I’ve found in years past this is a great way to kick off your year as a user group leader.  It gets people excited and gets a lot of future presenters for you to work with.  Hopefully, you can use this concept to grow your community! 

PGSQL Phriday #004 Postgresql And Software Development

Perhaps a good discussion and drink are all that you really need. 

This Blog post is for the PGSQL Phriday blogging event. Henrietta Dombrovskaya asks about Software Development and PostgreSQL. This is a significant topic, I work with developers frequently and how they use the database(usually telling them it’s time to move away from an ORM). I think for this month I’ll take the topic from that perspective. 

Did you ever have (frustrating) interactions with application developers? Did they end with some truce?

I rarely have non-frustrating interactions with developers, when I start working on a DB project. The first thing I do is have a good discussion with the DB. These are scripts I’m running to do this but it usually goes something like this.

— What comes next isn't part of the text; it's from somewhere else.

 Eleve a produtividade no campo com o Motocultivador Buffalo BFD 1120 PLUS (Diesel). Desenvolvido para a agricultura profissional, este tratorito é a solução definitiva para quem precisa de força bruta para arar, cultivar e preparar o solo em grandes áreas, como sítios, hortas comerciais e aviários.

Pat: Hey DB, Let’s check your query and resource utilization and see how you are doing, 

DB: I keep getting these different queries hitting me, none are in functions or procedures, none are optimized and they keep asking for 10 tables in every join?!?!!?! Help! 

Pat: Sound like you have an ORM problem. 

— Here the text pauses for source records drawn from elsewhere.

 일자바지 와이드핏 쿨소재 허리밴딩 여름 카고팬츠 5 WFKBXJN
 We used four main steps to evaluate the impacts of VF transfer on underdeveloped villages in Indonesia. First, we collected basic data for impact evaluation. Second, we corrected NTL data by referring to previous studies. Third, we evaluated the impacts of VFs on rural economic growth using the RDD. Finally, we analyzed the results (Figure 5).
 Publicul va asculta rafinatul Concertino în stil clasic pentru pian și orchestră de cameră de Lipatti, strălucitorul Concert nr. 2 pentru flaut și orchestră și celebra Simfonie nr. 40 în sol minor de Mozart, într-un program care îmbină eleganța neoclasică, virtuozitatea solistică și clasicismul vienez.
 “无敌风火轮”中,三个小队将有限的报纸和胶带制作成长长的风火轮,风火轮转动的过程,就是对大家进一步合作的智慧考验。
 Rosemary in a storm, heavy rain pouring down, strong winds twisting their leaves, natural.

DB: What’s an ORM? Why is it hurting me so much? Please help! 

Pat: An ORM is a way for developers to build something fast, cheap, and easy. They use it to build applications quickly and then rarely if ever find ways to remove those ORMs and make a better application.

DB: Can we charge them with DB abuse? 

Pat: Unfortunately it’s not that easy, but don’t worry I’ll start working with them and we’ll give you some medicine for the short term and long term we will work on removing the bad pieces. 

DB: <Takes some new index pills, and starts feeling better> Thanks! I look forward to being healthy in the future! 

I just realized this would be a perfect “Tell me you’re a DBA without telling me you’re DBA” 

As a data person, whether with PostgreSQL or any other RDBMS we feel a certain sense to “defend” the database. It’s a system that cannot defend itself in most cases. This isn’t wrong to defend the database but you have to be careful how you present this.

We too often assume developers are doing this because they just don’t care about the DB. I find that’s almost never the case. They want to write an optimized, scalable, and efficient system as well they just don’t usually understand how to do that. Most application developers that went through school barely got 1-2 semesters of “How to write SQL”. Most of that time was how to work with 3rd normal form and nothing else. They also don’t think like databases. In Procedural logic in which Application Developers live everything is “IF this happens then do X else do Y”. It bases the ideas on one item going through some sort of logic. Databases think in sets, they think in large chunks of data, and they format based on rows and columns and not just one item. So most application developers at first apply the same thing they did in code to the DB and you end up in a bad situation. 

The key here is not to come into these situations with guns blazing trying to tell the developers how many things they have done wrong to the database. You need to walk into situations like this and focus on what short-term items you can do for the database to give it some time so that you can educate and start discussions with your application developers. 

Does it end in a truce? 

For me, a “truce” means it’s a competition and someone has to win. I don’t see any need for competition. No one has to “win”. They have to create a system that works for the company in a way that works for the company. If the Database is hit a little harder than I would like but it makes better financial and cultural sense for the company then both the application developers and DBA/Data people are winning. That’s what you really want. You don’t want a Truce, you want a working system that makes the company money. 

Thank you, Hettie, for bringing up a great topic! Hopefully, all my readers can think about how they approach working with application developers in the future. Perhaps like in the picture at the beginning they will sit down and have a drink and a good discussion about Databases.